Problem description:
Retype exactly the span of lines below from the one with "Data Flow DMMG" through the one with "Общая площадь45,75 м2". Do not include pictures.

Data:
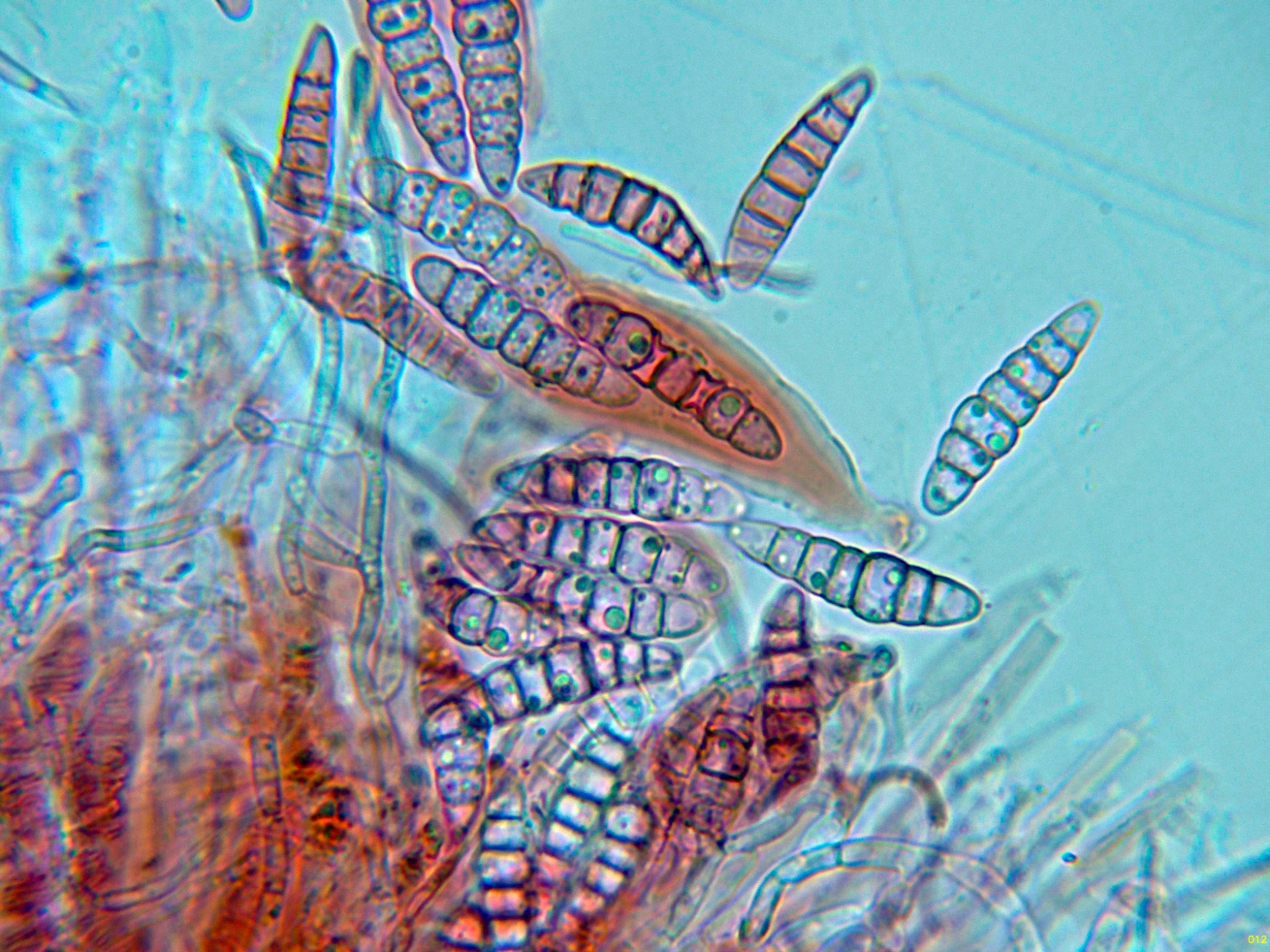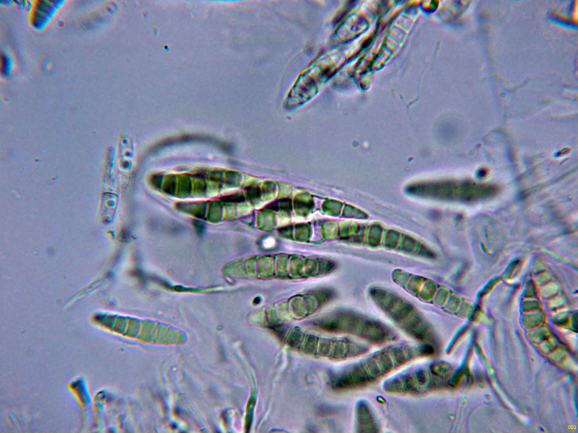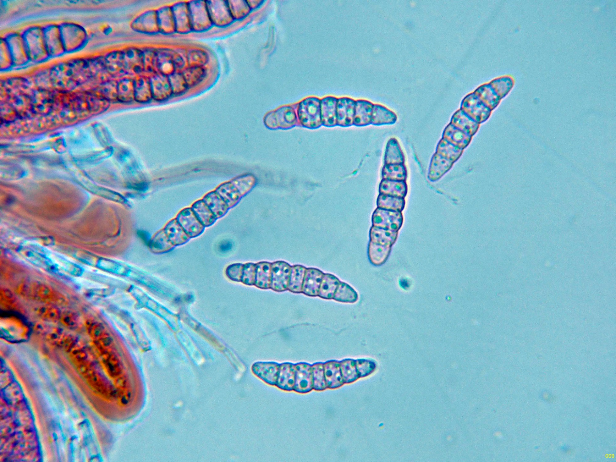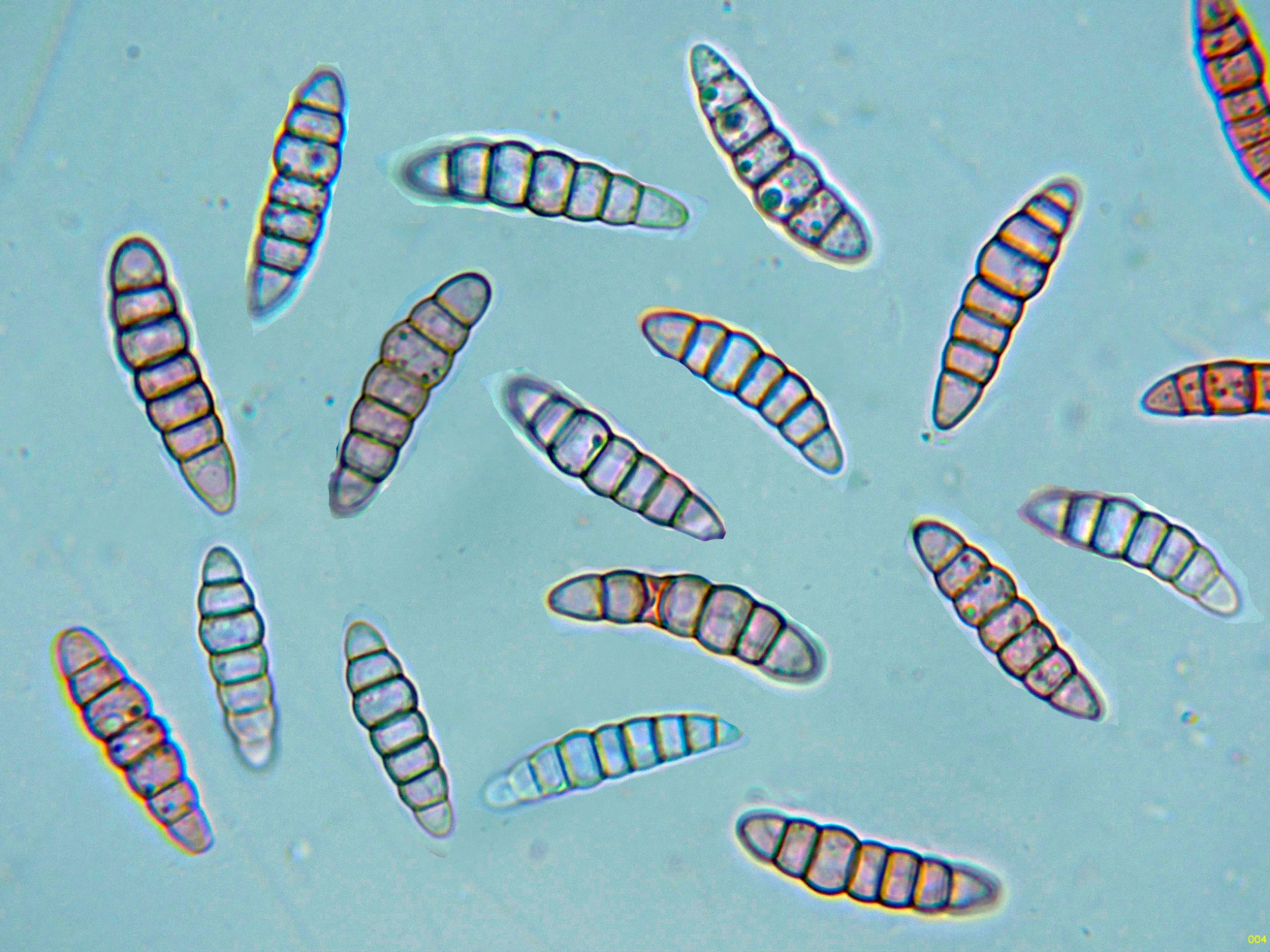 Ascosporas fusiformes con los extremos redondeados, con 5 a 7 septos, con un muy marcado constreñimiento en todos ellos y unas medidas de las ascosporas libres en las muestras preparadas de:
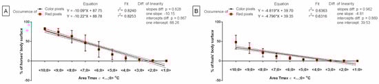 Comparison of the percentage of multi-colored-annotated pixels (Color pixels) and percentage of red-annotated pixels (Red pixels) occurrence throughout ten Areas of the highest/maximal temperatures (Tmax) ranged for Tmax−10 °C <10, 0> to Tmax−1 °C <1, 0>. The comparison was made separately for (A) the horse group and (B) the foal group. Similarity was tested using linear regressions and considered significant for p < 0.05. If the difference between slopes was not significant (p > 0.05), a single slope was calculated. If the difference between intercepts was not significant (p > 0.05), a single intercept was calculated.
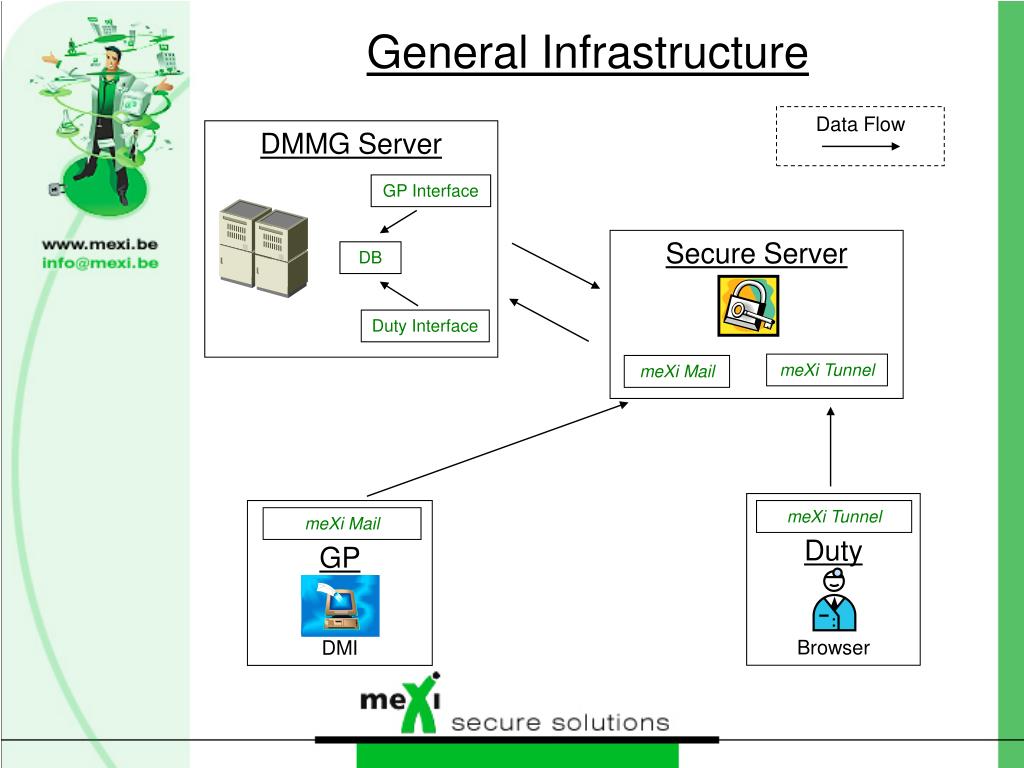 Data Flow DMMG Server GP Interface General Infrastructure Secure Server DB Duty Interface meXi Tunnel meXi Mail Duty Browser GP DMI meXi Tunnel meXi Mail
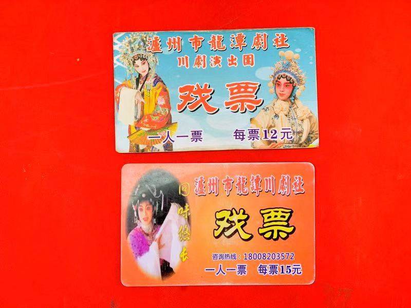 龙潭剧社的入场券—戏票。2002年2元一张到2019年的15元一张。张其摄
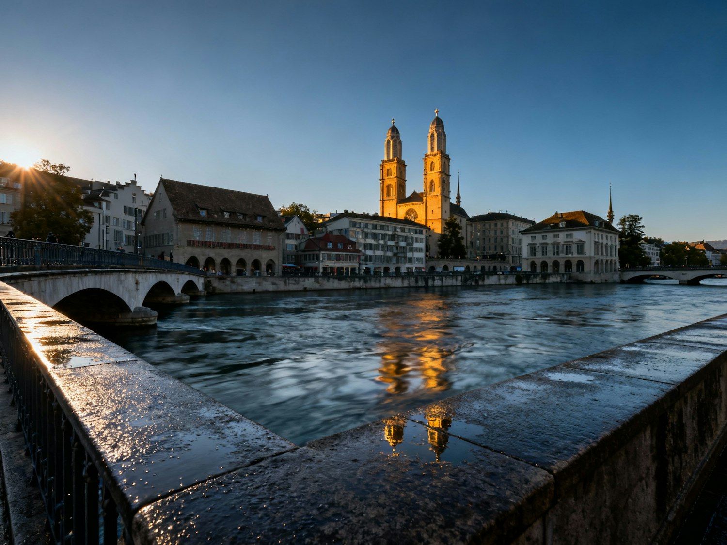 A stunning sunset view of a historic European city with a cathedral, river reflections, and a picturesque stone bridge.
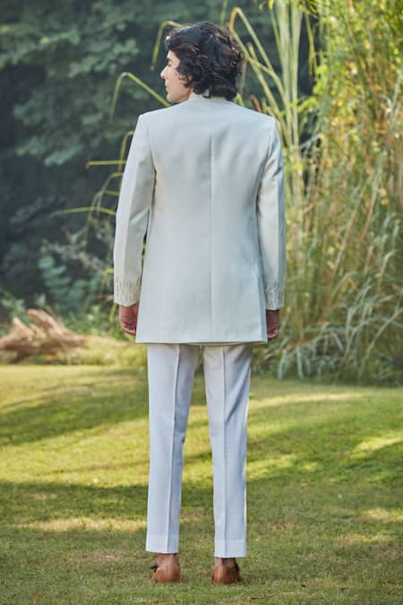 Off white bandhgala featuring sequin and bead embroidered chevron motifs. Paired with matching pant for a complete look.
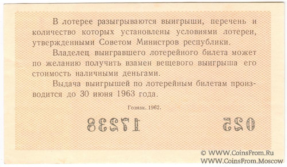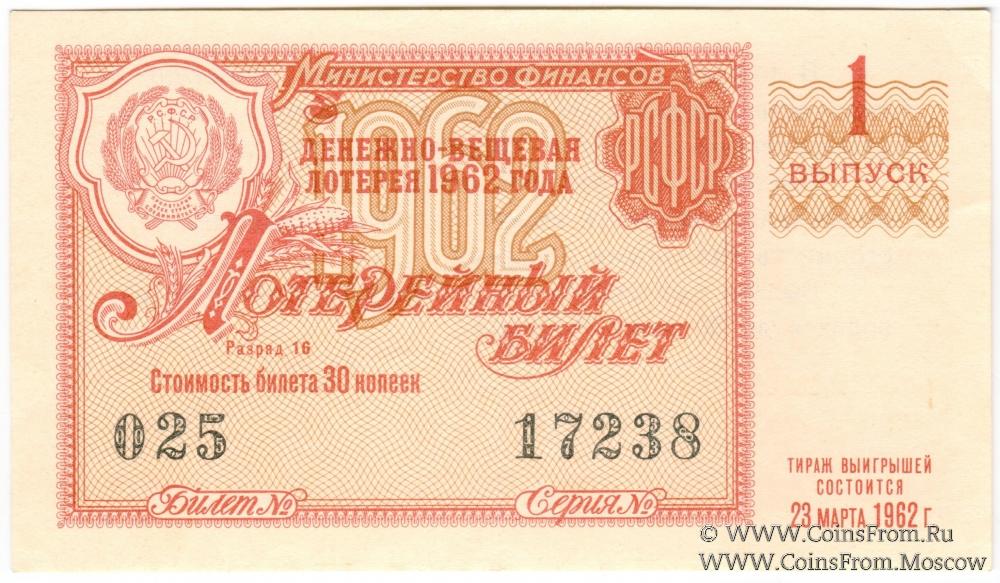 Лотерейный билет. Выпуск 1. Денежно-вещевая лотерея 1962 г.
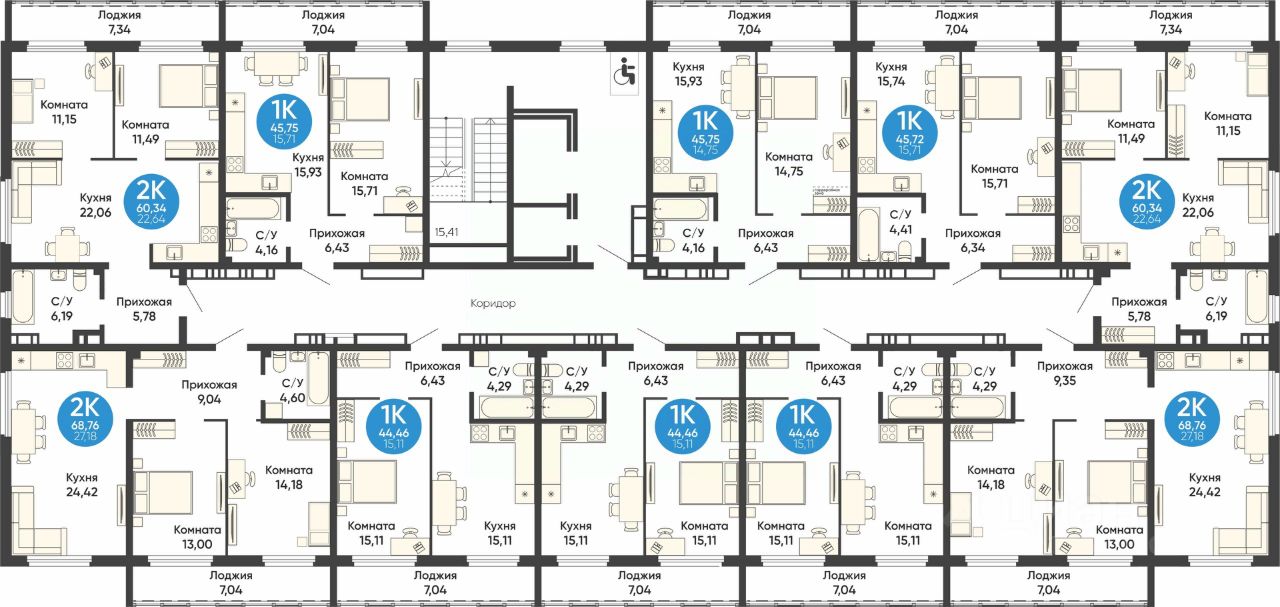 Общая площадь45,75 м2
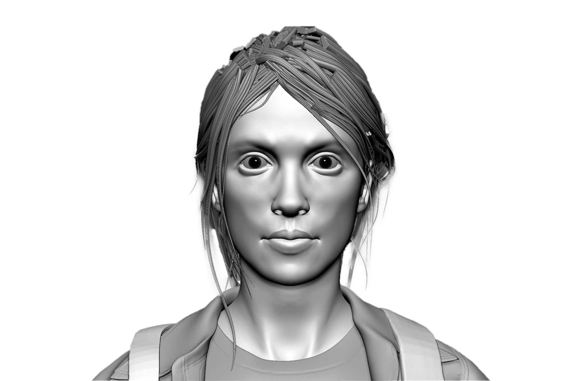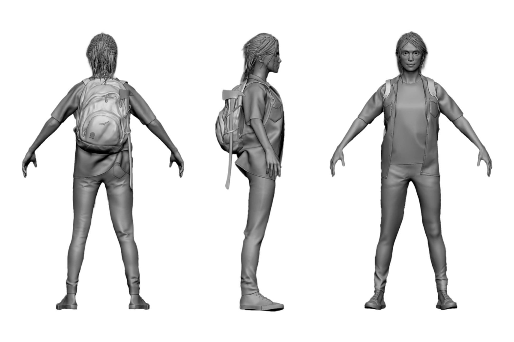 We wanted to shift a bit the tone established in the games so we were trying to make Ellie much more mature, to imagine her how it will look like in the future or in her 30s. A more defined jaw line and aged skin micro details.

Output:
 Data Flow DMMG Server GP Interface General Infrastructure Secure Server DB Duty Interface meXi Tunnel meXi Mail Duty Browser GP DMI meXi Tunnel meXi Mail
 龙潭剧社的入场券—戏票。2002年2元一张到2019年的15元一张。张其摄
 A stunning sunset view of a historic European city with a cathedral, river reflections, and a picturesque stone bridge.
 Off white bandhgala featuring sequin and bead embroidered chevron motifs. Paired with matching pant for a complete look.
 Лотерейный билет. Выпуск 1. Денежно-вещевая лотерея 1962 г.
 Общая площадь45,75 м2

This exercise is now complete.